Лиза помешивала кашу в одноухой закопченной кастрюле.
Ее бледные губы шевельнулись.
– Тварь.
Зашелестело в пуне, заскрипели половицы, завыло в трубе.
Тварррррр.
Ксения приложила палец к губам, и дом стих.
Светлов уехал в Староуральск по одному ему известным делам. Завтракать не стал.
Динка, отлынивая от занятий, сказалась больной или, может, действительно заболела. Зимой она и раньше простужалась после мытья.
Красный луч перебирал ножи в посудном ящике. Ксения со скрипом задвинула его до упора.

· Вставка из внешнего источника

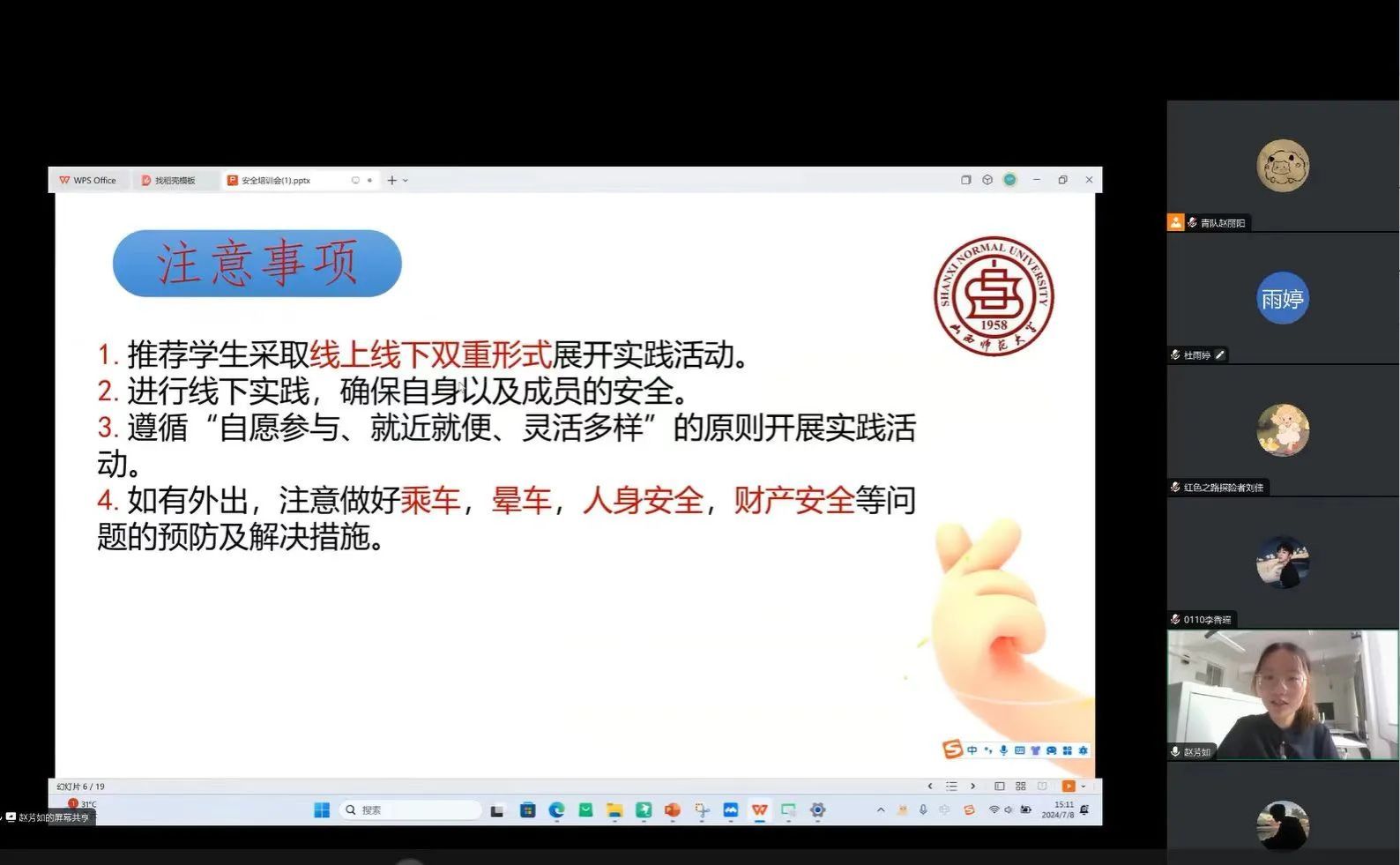 为积极推进2024年暑期“三下乡”社会实践活动的开展,强化学生的安全意识和纪律观念,确保社会实践活动的顺利完成,7月8日,我院于线上举行暑期“三下乡”社会实践活动安全培训会。
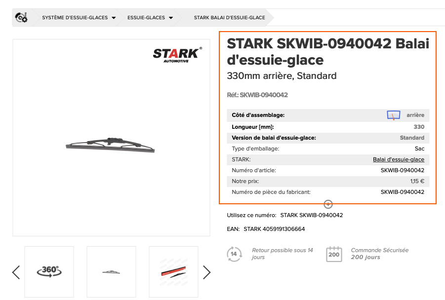 La description du produit peut indiquer que celui-ci est conçu pour un système de freinage précis ou pour un niveau d'équipement de véhicule particulier. Veuillez prêter attention à ces informations, car les spécifications techniques d'une telle pièce de rechange peuvent différer des spécifications de la pièce dont vous avez besoin.

По-декабрьски быстро темнело.
– Ляжешь с нами? – спросила еле слышно Лизка.
– Нет.
Дом пел на разные голоса.
Лизка долго не может уснуть. Олень таращится глупыми вышитыми глазами. Сквозь сон она слышит тарахтение «нивы» – это приехал Светлов. Она хочет встать и прокрасться к лестнице, чтобы послушать, что будет, но не может заставить себя вылезти из-под одеяла. Ватный монстр придавливает ее к кровати. Пеленает тяжелый, как угар, сон.
– Просыпайся!
Лиза открывает глаза. Хмурое утро таращится в окна. Ксения стоит простоволосая, в расстегнутом ватнике. На месте верхней пуговицы торчат усики порванной нитки.
На нижней губе у Ксении кровь. Удивительно, как из такой белой губы может сочиться такое красное.
– Что?
Собираться, бежать в город, прочь, прочь, прочь?
– Папа пропал.
– Он же приезжал ночью.
Длинные фразы опять даются Лизе тяжело.
Ксения тараторит, как отличница у доски:
– Приехал пьяный, мы повздорили, он вышел во двор. Я слышала, заводил машину. Уехал – и нет его.
– Догоняется где-то?
– Может быть.
Лиза идет выносить помои. Обувается в сенях и видит мамины «парадные» валенки на резине. Они стоят не на полочке, а в стороне, и подошвы у них в рыжем песке. Такого песка нет ни во дворе, ни на огороде. Где это мама умудрилась?
Воровато оглянувшись на дверь пуни, где гремит о дно подойника молоко, Лиза обтирает подошвы маминых валенок тряпочкой. Зачем – сама не знает. Нужно. Вот и все.
На стол собирают молча. Динке относят еду в кровать – та даже не благодарит, с беспокойством поглядывая в окно. «А куда папа поехал?» За столом Ксения и Лиза молчат, не поднимают глаз, боятся брызнуть друг в друга выбродившей чернотой.
Крепчает мороз. Звеняще-чистое небо висит над безжизненным «Уралуглеродом».
Лиза знает: они одни, и никто не придет на помощь.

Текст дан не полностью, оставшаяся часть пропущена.